Re A-F (Children) (2018) EWHC 138 (Family) is a number of test cases listed before the President of the Family Division, Sir James Munby (pictured). They raise various substantive and procedural questions in relation to the interface between care proceedings brought in the Family Court pursuant to Part IV of the Children Act 1989 and the requirements of Article 5 of the Convention, specifically, the circumstances in which Article 5 is engaged in relation to a child in the care of the local authority and, where Article 5 is engaged, what procedures are required to ensure that there is no breach of the requirements of Articles 5(2)-(4).
The President dealt with the general principles from paragraphs 8 to 40 inclusive of his Judgment, the question of whether it is possible to identify a “minimum age” at paragraphs 41-44 inclusive, and process and procedure at paragraphs 46-53 inclusive, the interface with care proceedings at paragraph 54, and continuing review at paragraphs 55/56.
The framework within which the issues arising in these cases fell to be considered was the analysis of Article 5 set out by the Strasbourg Court in Storck v Germany (2005) 43 EHRR 96, paras 74, 89, repeated in Stanev v Bulgaria (2012) 55 EHRR 696, paragraphs 117, 120, and summarised in the Supreme Court by Lady Hale DPSC in Surrey County Council v P and others (Equality and Human Rights Commission and others intervening), Cheshire West and Chester Council v P and another (Same intervening)  UKSC 19,  AC 896 (Cheshire West), paragraph 37:
“… what is the essential character of a deprivation of liberty? … three components can be derived from Storck …, confirmed in Stanev …, as follows: (a) the objective component of confinement in a particular restricted place for a not negligible length of time; (b) the subjective component of lack of valid consent; and (c) the attribution of responsibility to the state.”
The President referred, by way of shorthand, to these three components as Storck components (a), (b) and (c); sometimes they are referred to as Storck limbs (1), (2) and (3).
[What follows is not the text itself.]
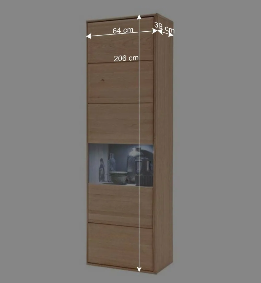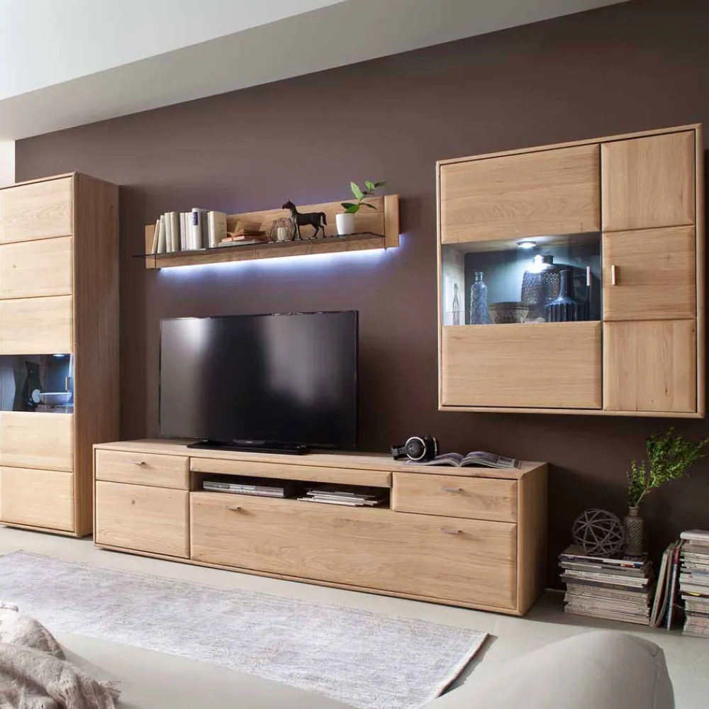 Die „Vernella“ Wohnwand besteht aus einer Vitrine, einem Hängeschrank, einem TV-Board und einem Wandboard. Die Fronten der Einzelteile sind aus massiver Eiche gefertigt, einem Holz, das für seine Robustheit, Langlebigkeit und unverwechselbare Maserung bekannt ist. Der Korpus ist aus hochwertiger MDF hergestellt, einem Material, das für seine glatte Oberfläche und Formstabilität geschätzt wird. Mit diesen Qualitätsmaterialien und einer sorgfältigen Verarbeitung ist die „Vernella“ Wohnwand ein Produkt, das lange hält und mit der Zeit noch schöner wird.

To ensure clarity of exposition, he used the phrase “deprivation of liberty” to describe the state of affairs where all three components of Storck are satisfied, that is, where there is a deprivation of liberty within the meaning of Article 5(1) which therefore engages the State’s obligations under Articles 5(2)-(4). In contrast, he used the word “confinement” to describe the state of affairs referred to in Storck component (a).
He took Storck components (a), (b) and (c) in turn, starting with Storck component (c). It is so obvious that where a child is subject to a care order (whether interim or final) there is involvement and “responsibility” by the State satisfying Storck component (c) – both the State in the form of the Court and the State in the form of the local authority named in the care order – that the point requires neither elaboration nor citation of authority.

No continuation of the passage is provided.